INFORMATION SUPPLIED:
☆ ☆ ☆ ☆

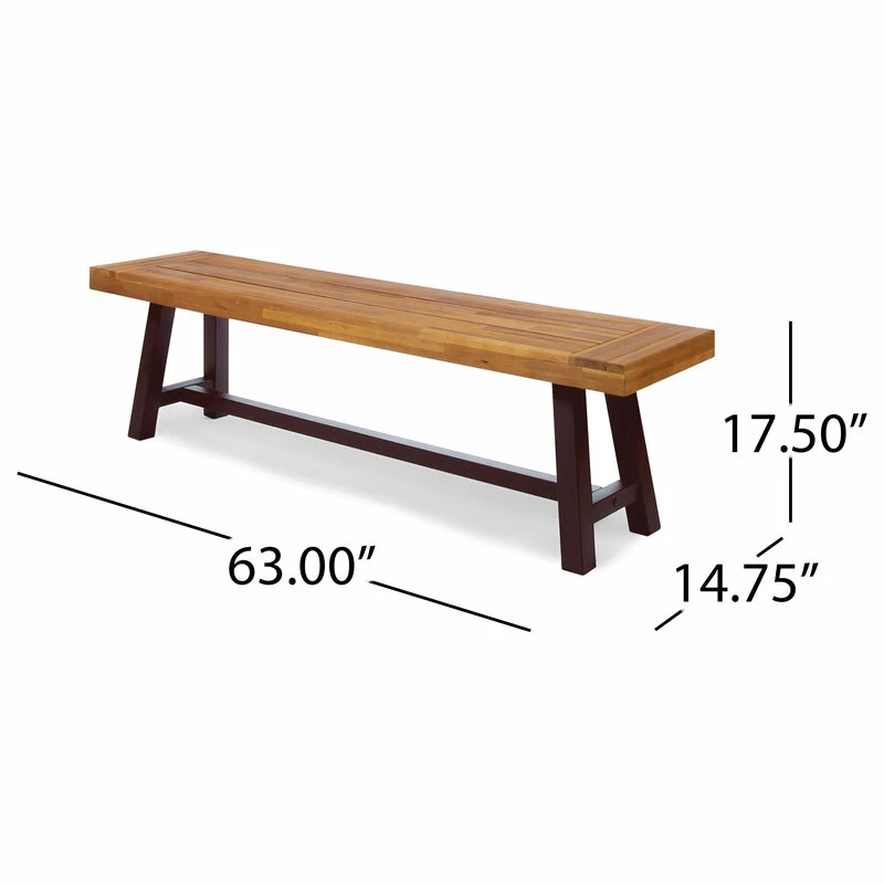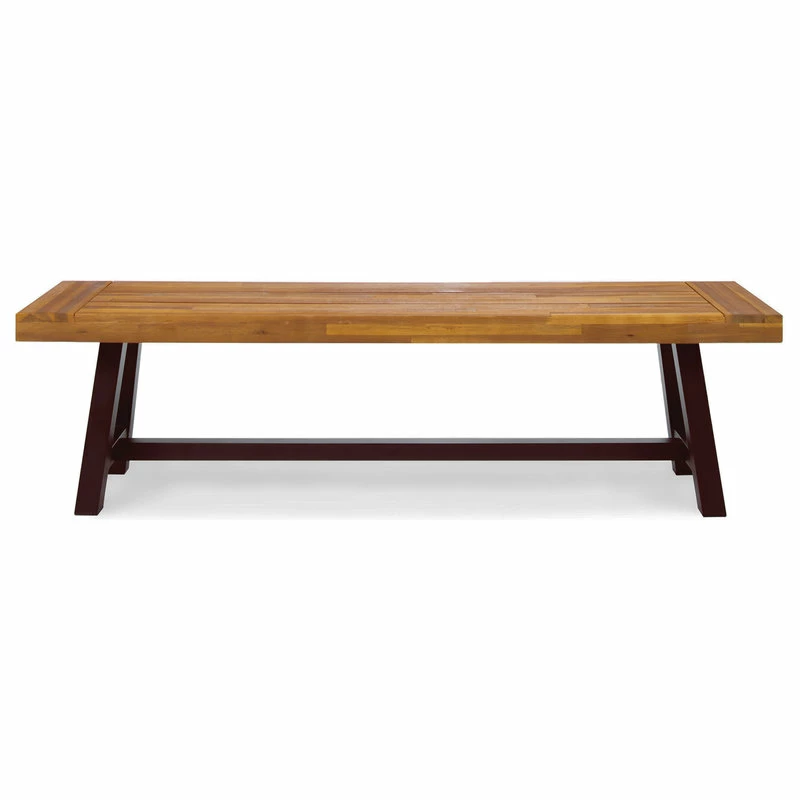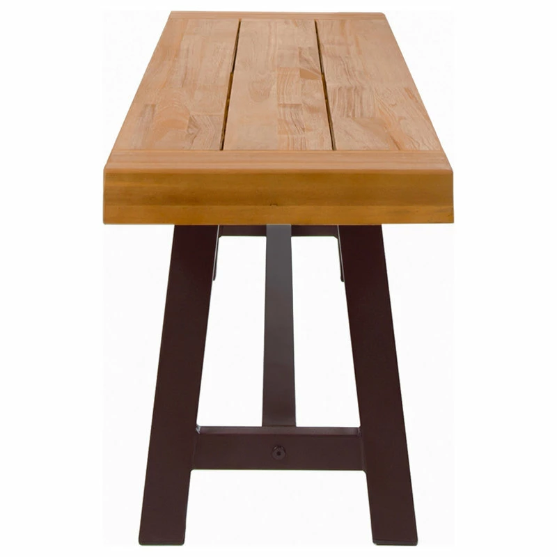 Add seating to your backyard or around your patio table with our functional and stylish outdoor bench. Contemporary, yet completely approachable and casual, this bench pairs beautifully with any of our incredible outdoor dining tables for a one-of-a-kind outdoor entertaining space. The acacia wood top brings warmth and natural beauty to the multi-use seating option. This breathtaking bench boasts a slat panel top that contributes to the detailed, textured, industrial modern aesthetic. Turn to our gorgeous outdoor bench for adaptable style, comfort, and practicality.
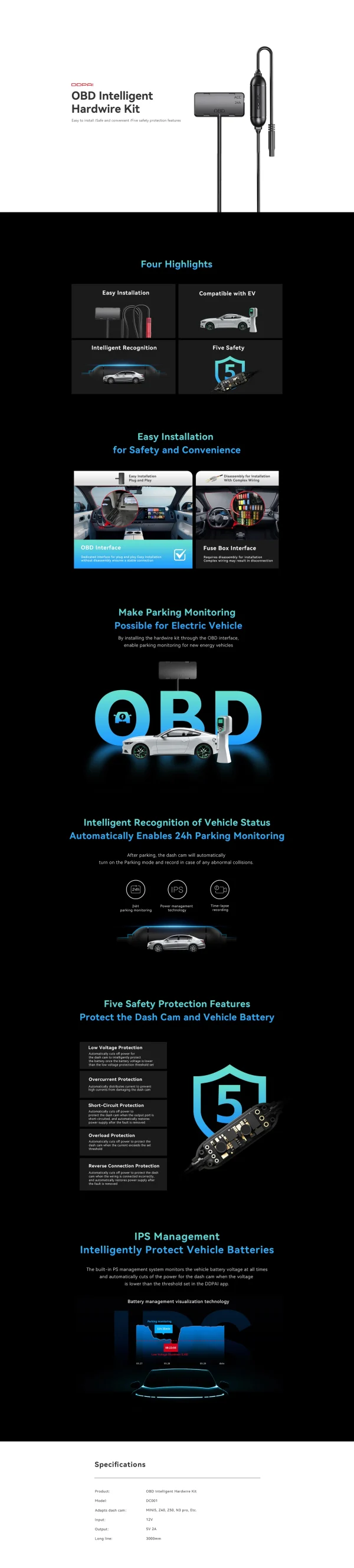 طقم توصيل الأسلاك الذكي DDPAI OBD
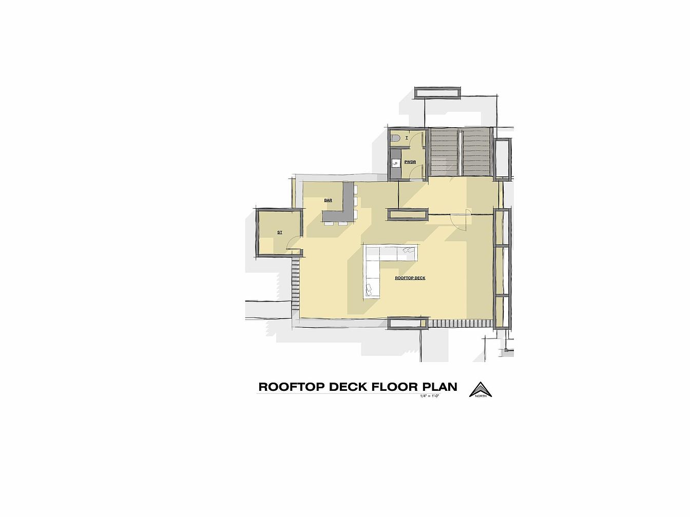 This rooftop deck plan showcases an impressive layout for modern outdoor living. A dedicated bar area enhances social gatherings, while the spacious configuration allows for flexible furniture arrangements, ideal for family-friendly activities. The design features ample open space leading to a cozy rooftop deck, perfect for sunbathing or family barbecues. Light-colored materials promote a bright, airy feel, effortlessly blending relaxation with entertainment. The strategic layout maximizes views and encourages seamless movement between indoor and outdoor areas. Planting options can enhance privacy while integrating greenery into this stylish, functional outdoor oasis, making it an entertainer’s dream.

☆ ☆ ☆ ☆

BRIEF: All that is needed is the exact run of lines from the start of the material above through the one containing "طقم توصيل الأسلاك الذكي DDPAI OBD", pictures left out.

EXERCISE RESPONSE:
 Add seating to your backyard or around your patio table with our functional and stylish outdoor bench. Contemporary, yet completely approachable and casual, this bench pairs beautifully with any of our incredible outdoor dining tables for a one-of-a-kind outdoor entertaining space. The acacia wood top brings warmth and natural beauty to the multi-use seating option. This breathtaking bench boasts a slat panel top that contributes to the detailed, textured, industrial modern aesthetic. Turn to our gorgeous outdoor bench for adaptable style, comfort, and practicality.
 طقم توصيل الأسلاك الذكي DDPAI OBD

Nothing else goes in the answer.